According to Hien, Vietnamese management authorities have gradually controlled high interest rates and restricted credit, which will help the country avoid shocks like in the 2011-12 period. Therefore, concerns about the banking system and corporate bonds have been gradually removed.
Hien predicts difficulties related interest rates and credit will be resolved next year. Interest rates will cool down in the first quarter of 2023 and stabilise by the end of the second quarter of 2023. Credit sources with reasonable interest rates for production and business enterprises will increase gradually from the second quarter of 2023. Meanwhile, exports will continue to decline in the first two quarters of 2023, but will rebound in the third quarter of 2023.
"The difficulties for the domestic economy will ease from the second quarter of 2023 and gain positive growth from the third quarter of 2023, buoyed by upbeat impacts from public investment, and financial and monetary stability. At the same time, the real estate market is also expected to recover slightly from the fourth quarter of 2023, mainly in urban areas, industrial parks and other areas with strong infrastructure investment," Hien forecast.

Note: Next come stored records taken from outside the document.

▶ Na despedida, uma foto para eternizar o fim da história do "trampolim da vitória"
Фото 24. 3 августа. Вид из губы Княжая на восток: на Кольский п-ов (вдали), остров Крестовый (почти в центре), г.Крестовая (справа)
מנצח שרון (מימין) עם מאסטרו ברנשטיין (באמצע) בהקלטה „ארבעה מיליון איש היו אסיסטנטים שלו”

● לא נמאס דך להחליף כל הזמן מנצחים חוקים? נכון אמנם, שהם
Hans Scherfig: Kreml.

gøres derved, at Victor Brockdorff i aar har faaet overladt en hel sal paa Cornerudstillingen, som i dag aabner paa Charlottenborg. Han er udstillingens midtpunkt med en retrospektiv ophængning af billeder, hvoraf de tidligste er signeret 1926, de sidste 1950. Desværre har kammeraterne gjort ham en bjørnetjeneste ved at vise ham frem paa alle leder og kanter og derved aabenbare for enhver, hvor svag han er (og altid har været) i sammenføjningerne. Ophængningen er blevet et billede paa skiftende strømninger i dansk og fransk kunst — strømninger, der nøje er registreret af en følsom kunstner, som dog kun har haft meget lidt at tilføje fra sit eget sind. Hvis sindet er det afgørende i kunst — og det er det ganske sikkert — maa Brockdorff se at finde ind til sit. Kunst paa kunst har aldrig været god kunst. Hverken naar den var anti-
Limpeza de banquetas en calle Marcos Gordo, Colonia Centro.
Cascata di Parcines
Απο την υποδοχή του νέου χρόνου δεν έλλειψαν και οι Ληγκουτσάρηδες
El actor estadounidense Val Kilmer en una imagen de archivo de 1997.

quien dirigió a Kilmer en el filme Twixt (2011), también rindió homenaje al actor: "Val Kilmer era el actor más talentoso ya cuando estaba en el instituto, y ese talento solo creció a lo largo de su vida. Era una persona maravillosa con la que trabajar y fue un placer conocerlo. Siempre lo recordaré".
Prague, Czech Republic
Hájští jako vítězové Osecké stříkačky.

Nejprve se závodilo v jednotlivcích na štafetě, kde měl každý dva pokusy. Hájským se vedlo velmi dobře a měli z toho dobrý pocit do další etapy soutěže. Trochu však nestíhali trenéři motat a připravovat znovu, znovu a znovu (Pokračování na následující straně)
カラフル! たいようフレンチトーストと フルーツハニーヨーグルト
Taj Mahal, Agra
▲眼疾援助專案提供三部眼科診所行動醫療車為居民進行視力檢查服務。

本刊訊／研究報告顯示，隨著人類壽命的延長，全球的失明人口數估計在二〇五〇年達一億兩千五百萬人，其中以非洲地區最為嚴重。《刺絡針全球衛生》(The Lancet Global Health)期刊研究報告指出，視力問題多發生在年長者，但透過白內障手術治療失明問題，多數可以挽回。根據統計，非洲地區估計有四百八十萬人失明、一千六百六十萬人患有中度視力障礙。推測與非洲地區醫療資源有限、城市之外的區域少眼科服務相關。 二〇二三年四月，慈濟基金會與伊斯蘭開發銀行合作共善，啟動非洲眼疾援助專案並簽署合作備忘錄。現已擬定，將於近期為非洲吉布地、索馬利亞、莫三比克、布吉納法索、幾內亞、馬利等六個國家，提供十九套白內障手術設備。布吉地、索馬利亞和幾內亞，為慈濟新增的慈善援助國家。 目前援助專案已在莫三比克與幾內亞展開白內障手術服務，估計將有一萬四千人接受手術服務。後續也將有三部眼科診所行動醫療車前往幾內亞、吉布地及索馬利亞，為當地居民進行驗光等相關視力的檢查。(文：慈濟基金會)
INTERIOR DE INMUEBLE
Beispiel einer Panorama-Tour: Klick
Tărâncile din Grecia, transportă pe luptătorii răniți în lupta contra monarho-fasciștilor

Tran Ngoc Bau, CEO of financial data provider WiGroup Data Company, is also upbeat about market liquidity in 2023.
According to Bau, though the economic forecast in 2023 is more difficult than in 2022, with initial signals such as export order decline, the cause will be a factor for the Government to partly loose the monetary market to stimulate economic development. Therefore, the market liquidity is likely to be more positive in the second half of 2023.
Nguyen Quang Thuan, chairman of financial data provider FiinGroup, expects the corporate bond market in 2023 will be more active as credit institutions increase to issue bonds after policies are changed.
The market also expects many businesses in 2023 will issue bonds to the public after being rated.
In addition, other capital channels such as issuing green bonds and borrowing/issuing international bonds are also forecast to be further improved, helping businesses have more opportunities to access capital.
However, experts also recommend in the difficult context, businesses need to review their investment portfolios and limit high risk projects. The businesses should review current debt obligations, proactively make public transparent information and improve credit profile for a longer-term capital strategy.